【转载】细嚼慢咽读论文：点云上采样GAN的实践——PU-GAN_pu-gan: a point cloud upsampling adversarial netwo-CSDN博客

论文标题：PU-GAN: a Point Cloud Upsampling Adversarial Network

标签：有监督 | 点云上采样

首先我们来分析一下文章题目：PU-GAN: a Point Cloud Upsampling Adversarial Network

PU即Point Upsampling，也就是本文要做的任务是点云上采样。关于点云上采样的介绍，我在介绍PU-Net的这篇文章中介绍过，可参考：

刘昕宸：细嚼慢咽读论文：点云上采样网络开天辟地PU-Netzhuanlan.zhihu.com

GAN即现在大名鼎鼎的GAN（生成对抗网络），也就是本文使用的网络是GAN，依赖GAN来实现点云的上采样。上采样任务其实也是一种生成式任务，因此很自然地想到可以使用GAN来尝试一下。关于GAN的基本原理介绍，可参考：

刘昕宸：通俗理解GAN（一）：把GAN给你讲得明明白白zhuanlan.zhihu.com

1 motivation

上采样的意义我在PU-Net那篇文章中详细介绍过：

点云处理任务存在极大挑战，很重要的一点是点云这种数据形式的稀疏性和不规则性。
而本文要做的上采样任务，正是为了解决点云数据稀疏性这一问题，为下游各种特征学习任务提供更“高质”的数据。
点云上采样任务，简单来说就是输入某一点云，生成保持基本形状的“更稠密”点云。

单就上采样效果而言，之前基于深度学习的方法如PU-Net、MPU在现实场景扫描点云上取得的效果均非常有限。我们来看看PU-GAN论文在开头放的图（Kitti数据集上测试）：

点云上采样本质也是一种生成式任务，在视觉领域做生成任务，自然而然地就会想到：不妨试试GAN？？

2 contribution

针对点云上采样任务，提出了GAN框架的解决方案，并且取得了非常好的效果。（原文指出：the difficulty to balance between the generator and discriminator and to avoid the tendency of poor convergence.）
局部网络结构设计非常有新意：比如up-down-up unit用来expand point features，self-attention unit用来feature integration quality等
设计了compound loss，特别是设计了用来约束上采样点云均匀分布的uniform loss，让人眼前一亮。
PU-GAN不仅在一般点云模型上做了实验，还在KITTI这样真实扫描的场景点云上做了上采样实验，依然取得了非常好的效果，这也进一步验证了PU-GAN强大的泛化能力。

3 solution

本文的目标就是上采样，也就是给定有N个点的稀疏点集 $P=\left \{ p_{i} \right \}_{i=1}^{N}$ ，我们期望生成有 rN 个点的稠密点集 $Q=\left \{ q_{i} \right \}_{i=1}^{rN}$ .

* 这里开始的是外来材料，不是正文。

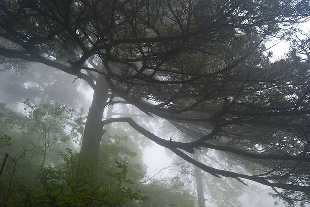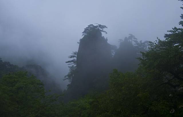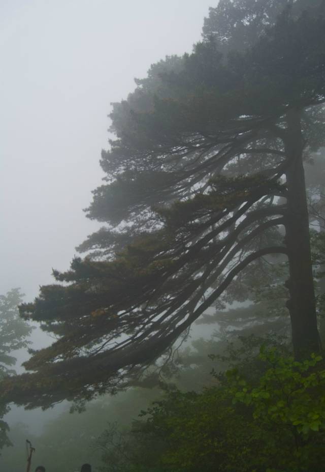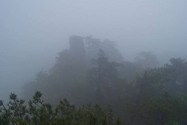 从昨天女儿的照片中知道这里有大片造型秀美的山峰,可此刻的眼前雾朦朦一片,如此天气我决定多在此逗留一会儿,不再往前走了,差不多就回去乘索道下山吧。期间,雾气小时也只出现一点山影,全无昨天的景像了。
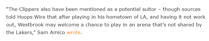 快船想要引援威少,可名记报道威少可能不向加盟快船,因为后者和湖人共用一个主场;换言之,若威少和爵士达成买断并且加盟快船重返洛杉矶,威少又回到熟悉的加密球馆,这可能会让威少经常想起一些伤心事。
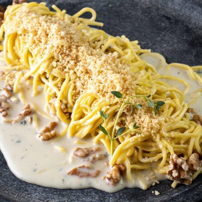 Massa fresca artesanal servida com um creme de queijo gorgonzola, nozes tostadas e farofinha de alho.
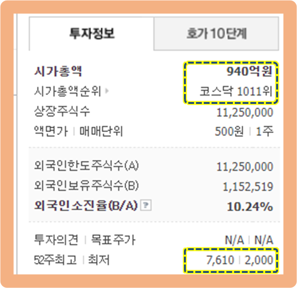 52주 최고가는 7,610원이고, 52주 최저가는 2,000원이네요.

Q 并不需要是 P 的超集，但是需要满足以下2个条件：

Q 应该能够和 P 表达一样的underlying geometry of latent target object.
Q 内的点应该是在target object surface上均匀分布的，即使甚至输入 P 都是非均匀的。

PU-GAN的网络结构图如下所示：

因为是GAN，所以网络分成了Generator和Discriminator两部分。

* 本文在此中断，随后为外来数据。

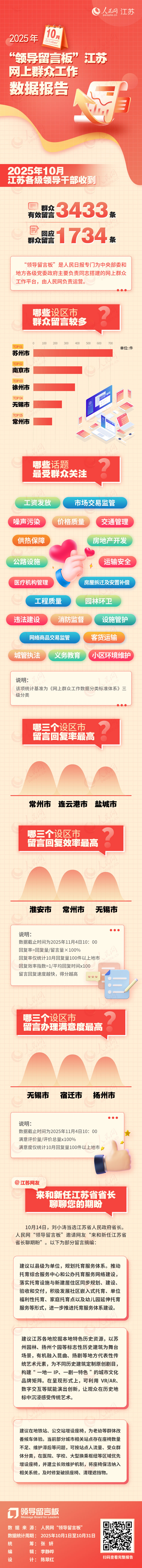 “領(lǐng)導(dǎo)留言板”數(shù)據(jù)報(bào)告丨10月江蘇收到有效留言3433件 網(wǎng)友向新任省長(zhǎng)聊期盼

Generator用于从稀疏点云 P 生成稠密点云 Q .

Discriminator用于区分真实稠密点云和generator生成的点云。

3.1 Generator

看出来了嘛，其实generator的整体框架还是PU-Net那一套：patch --> feature extraction --> feature expansion --> coordinate reconstruction ;-)

Generator全局代码：

class Generator(object):
    def __init__(self, opts,is_training, name="Generator"):
        self.opts = opts
        self.is_training = is_training
        self.name = name
        self.reuse = False
        self.num_point = self.opts.patch_num_point
        self.up_ratio = self.opts.up_ratio
        self.up_ratio_real = self.up_ratio + self.opts.more_up
        self.out_num_point = int(self.num_point*self.up_ratio)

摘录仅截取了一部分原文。